I think all writers should understand the Hero’s Journey. It’s part of your craft. Years ago I read Stealing Fire from the Gods, and frankly while I thought it was brilliant, I wasn’t ready for it. Over the years, I’ve picked up other books, like My Story Can Beat Up Your Story, which I also found really helpful for understanding patterns and having a methodology. This is the 3rd book you should get. But don’t use them as outlines! I never really use any of these formats before I write a story. I don’t sit down with a stack of pre-printed hero’s journey cards (hey, now there is an idea….) and start to fill them in. Usually I write a story, and then if something is bugging me about the story, or if it gets stuck, or I just plain don’t like it, I’ll troll through some of these sites and get ideas. For instance Act 2 generally sucks, but MSCBUYS has some great suggestions on Act 2. If I’m stuck I might thumb through it while my subconscious is solving things.

In the end, you should never feel constrained by the outline, just supported by it to solve problems. When I first deconstructed my own story, Die with a Human Heart, I suffered a lot of self-doubt because my Inciting Incident doesn’t happen until the second half of the second act, almost at the end of the story.  But it’s the thing that drives the entire story (hence the Inciting part of Inciting Incident). I tried to move it, but in my head this is where I wrote it, this is where it fit, this is where it belonged. And so I trusted myself, but not really until I read some guru who said exactly what I’m saying now: story first, outline second. Tell a story, don’t fill out an outline, and follow your heart because a story is precisely about taking something out of your heart and trying to communicate that effectively to somebody else. But if you do get stuck, The Hero’s Journey offers you an objective way to look at your craft and a common language to discuss it with other writers.

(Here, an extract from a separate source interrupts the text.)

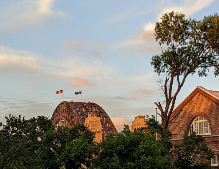 Pendant les quelques jours passés à Sydney, nos pas nous ont menés plusieurs fois vers l’opéra pour l’admirer encore et encore. De près et de loin, sous un ciel bleu, gris ou blanc, peu importe. On ne s’en lasse pas ; le bâtiment qui semble flotter dans la baie de Sydney est tout simplement une merveille. Cela fait un demi-siècle que le Sydney Opera House se dresse à Bennelong Point – le 50e anniversaire a été fêté en octobre 2023 – mais on dirait qu’il date d’hier. Intemporel, classique, moderne, extravagant, élégant, unique… bref, un chef d’œuvre architectural. Et il est voisin d’un autre monument magistral, le Harbour Bridge, que je vous présente un peu plus loin.

I’ll leave you with a couple of Raymond Chandler quotes on the topic:

“And here I am at 2:30 A.M. writing about technique, in spite of a strong conviction that the moment a man begins to talk about technique, that’s proof he is fresh out of ideas.”

“A good story cannot be devised; it has to be distilled.”

“Without magic, there is no art. Without art, there is no idealism. Without idealism, there is no integrity. Without integrity, there is nothing but production.”

“All this talk about “pros” is itself sheer amateurism. There is no such thing as professionalism in writing.”

“The challenge is to write about real things magically.”

“The more you reason the less you create.”

“Don’t ever write anything you don’t like yourself and if you do like it, don’t take anyone’s advice about changing it.”

“I am a writer, and there comes a time when that which I write has to belong to me, has to be written alone and in silence, with no one looking over my shoulder, no one telling me a better way to write it. It doesn’t have to be great writing, it doesn’t even have to be terribly good. It just has to be mine.”

You should probably buy some of his books, too. He didn’t publish until he was 51 and he changed the genre irrevocably. Follow your heart, change the world. Isn’t that why we create?